Я согласно кивнула. И затем наблюдала, как и Егор признает его правоту, без удовольствия отсаживаясь на противоположный диванчик. И даже не сразу сообразила, что тоже быстро успокоилась. А ведь в этом и была их непрошибаемая сила: всякий раз, когда один почти доводил до взрыва, вмешивался второй, и неожиданным образом ситуация уже не выглядела такой вопиющей… Именно так всегда и было! В единственный раз, когда это не сработало, я ушла от них. И была твердо уверена, что никого этим локти кусать не заставила. До сегодняшнего дня. И до этого чувства дежавю. Я уже чувствовала, что воздух вокруг дребезжит вместе разрушением всех моих планов, но все еще не понимала, насколько этот процесс неотвратим.
Глава 34
Они постоянно меняли стратегию, потому-то я не могла подстроиться. После того, как сделали заказ, мы говорили обо всем подряд, не затрагивая ни одной из скользких тем. Мужчины расспрашивали меня об учебе, вспоминали, что во времена, когда учился Егор, мой вуз был всего лишь филиалом университета, а теперь считается одним из самых престижных институтов по юридическому профилю, говорили о переезде в новую квартиру и о ценах на аренду в столице, даже чертову погоду обсудили – вот уж чего мы никогда не обсуждали в такой компании… Они делали все для того, чтобы я ни разу не напряглась. И, полностью осознавая этот умысел, я ничего с собой поделать не могла. И уже через полчаса ощущала себя так, словно мы каждый вечер ужинаем вместе.
Я расслабилась до такой степени, что окончательно забылась:
– Егор, хочешь это мясо?
– Слишком остро? Давай сюда. Прости, Саш, не посмотрел, что они делают его с чили.
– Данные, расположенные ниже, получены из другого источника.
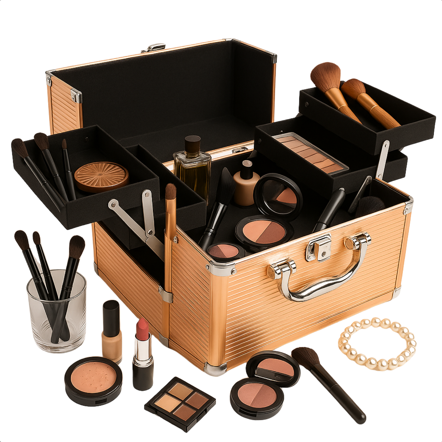 Ontdek de ultieme oplossing voor al uw make-up behoeften met de Cheqo® Make-up Koffer. Deze stijlvolle en duurzame aluminium koffer is perfect voor zowel professionele make-up artiesten als liefhebbers. Met zijn ruime indeling en handige vakken houdt u al uw cosmetica georganiseerd en binnen handbereik.

Сейчас закажу другое.
– Не надо. Ты ведь не будешь салат?
Острое Егор обожал, нетронутый салат с радостью пододвинул ко мне, а Дима вообще заказал первое попавшееся, ведь почти ничего не ел – в больших количествах он способен потреблять только домашнюю пищу: для него всегда важнее не что приготовлено, а кто готовил. Никто не удивится, если Дима сразу после возвращения из ресторана откроет холодильник и начнет искать, чем бы наконец-то поужинать, а сейчас даже на тарелку не глянет. Разумеется, за несколько недель наши пристрастия измениться не могли, как и мы не могли о них забыть. Но вдруг как-то все втроем замерли – уловили этот момент окончательного возвращения на пару месяцев назад. Как бы старательно мы ни избегали самого главного обсуждения, к нему должны были прийти.
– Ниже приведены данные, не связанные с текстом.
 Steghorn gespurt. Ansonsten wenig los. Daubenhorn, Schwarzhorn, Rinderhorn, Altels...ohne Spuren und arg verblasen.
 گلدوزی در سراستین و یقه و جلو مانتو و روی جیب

Егор сделал глоток коньяка и заговорил теперь более напряженно:
– Саша, мы очень много думали и все же пришли к мысли, что с Камелиным кончено. В смысле, говнюк заслуживает срока как никто другой, но мы решили прекратить. Не только потому, что ты это нам втирала… Саш, я… мы оба даем тебе слово, что больше не будем с ним взаимодействовать. Никак. Если он только сам не спровоцирует, хотя теперь это сомнительно. Нельзя ждать от мира полной справедливости, фонд Владимира Иннокентьевича уже давно разделен на две половины, уже нет того царства, о котором он мечтал. Но вряд ли можно считать, что мы с Димой бедствуем.
– Благодаря твоей работе, – справедливо заметила я. – Ведь тогда ты был совсем молодым.
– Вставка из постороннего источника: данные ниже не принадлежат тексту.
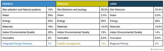 International sustainability protocols have some differences, but common categories can be identified. Figure 2 [4] identifies the incidence of credits of different categories in three different sustainability protocols.
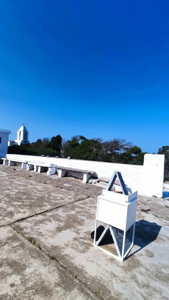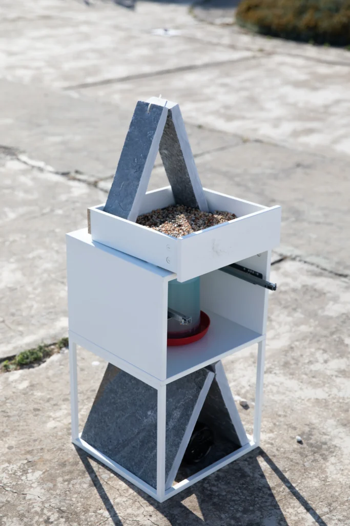 Υλικά: Σίδερο, μοριοσανίδες, πλάκες Καρύστου, τροφή πουλιών, νερό

– Благодаря моей работе, – он ответил серьезно, принимая комплимент как должное. – Хотя больше благодаря тому, что я никогда не был один. И то, что сделал я со своей половиной фонда, Камелин сделал со своей. Мир несправедлив… но пусть уж все остается так, как есть теперь.
Я знала, что именно Егору это признать сложнее всего. Потому сказала искренне:
– Очень рада это слышать. И будь мир абсолютно справедлив, то и вам обоим от него досталось бы, вы ведь тоже не были святыми. Не прощайте Камелина, но хотя бы признайте, что тоже не без греха, я тому свидетель. И живите уже дальше.
Егор задумчиво кивнул, а потом развернулся ко мне и поймал взгляд. Продолжил все так же тихо:
– Это был основной пункт твоих претензий, Саш. Раз больше нет никакой войны, то вряд ли ты можешь обвинить нас в каком-то использовании тебя против…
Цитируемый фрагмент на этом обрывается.